I am very busy recently. Work from morning till night. Do not write a blog. You don't even have time to read a blog. Although I have always wanted to gossip about JavaScript, And I have betrayed the revolution, I can't leave it blank. However, I can't help but reprint the wonderful code.
The cause is that everyone is familiar with the fold function, which is also a common inject () function in Ruby: it gives the starting value and overwrites the values in a collection. For example, the starting value 0 is given, and the accumulative array [1, 2, 3, 4, 5] is given:
[1, 2, 3, 4, 5].inject(0){|sum, n| sum = sum + n}
With fold, there is the opposite unfold: map a single object to the collection. For example
10.unfold { |n| n-1 unless n == 1 }.inspect => [10, 9, 8, 7, 6, 5, 4, 3, 2, 1]10.class.unfold(&:superclass).inspect => [Fixnum, Integer, Numeric, Object]
Its implementation is also surprisingly beautiful: Through recursion, The unfold call is rewritten as an array operation. The style of the Term Rewriting System:
class Object
def unfold &block
block.call(self).unfold(&block).unshift(self)
end
end
class NilClass
def unfold &block
[]
end
end
Examples are the easiest way to illustrate how amazing this implementation is. We manually execute 3. unfold {| n-1 unless n = 1 }:
- We use block to refer to the {| n-1 unless n = 1} in the above formula }. According to the definition of unfold, the above formula becomes block. Call (3). unfold (& Block). unshift (3)
- Execute block. Call (3) to get 2, so we get 2. unfold (& Block). unshift (3)

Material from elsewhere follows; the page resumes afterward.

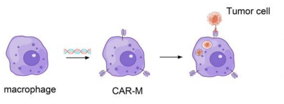 特异性靶CAR巨噬细胞(CAR-M)为肿瘤治疗开辟了新的治疗途径。在血液肿瘤的治疗中,CAR-M可以对CD19阳性和Her2阳性慢性髓性白血病传代细胞产生优越的抗肿瘤作用。CAR-M在实体肿瘤中也同样发挥抗肿瘤作用,如Her2阳性卵巢癌细胞系、SKOV3和表达GD2的神经母细胞与瘤黑色素瘤等。

- According to the definition, we get block. Call (2). unfold (& Block). unshift (2). unshift (3)
- Run block. Call (2). We get 1. unfold (& Block). unshift (2). unshift (3)

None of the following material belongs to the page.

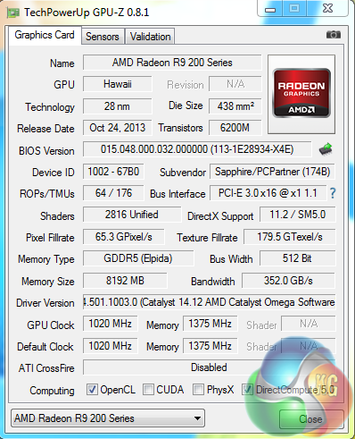 Release date October 2013, a sign of how old this hardware is getting now. The Hawaii CPU is built on the 28nm process and has 64 ROPS, 176 Texture units, and 2816 Stream processors. The 8GB of GDDR5 memory is connected via a wide 512 bit memory interface. Sapphire have overclocked both core and memory from 1,000mhz to 1,020mhz and 1,250mhz to 1,375mhz respectively (5.5Gbps effective).

- Based on the definition, we get block. Call (1). unfold (& Block). unshift (1). unshift (2). unshift (3)
- The result of block. Call (1) is nil, so we get nil. unfold (& Block). unshift (1). unshift (2). unshift (3)
- Nil has prepared the definition of unfold, so we get []. unshift (1). unshift (2). unshift (3), that is, [3, 2, 1.
Now, you can see the discussion here.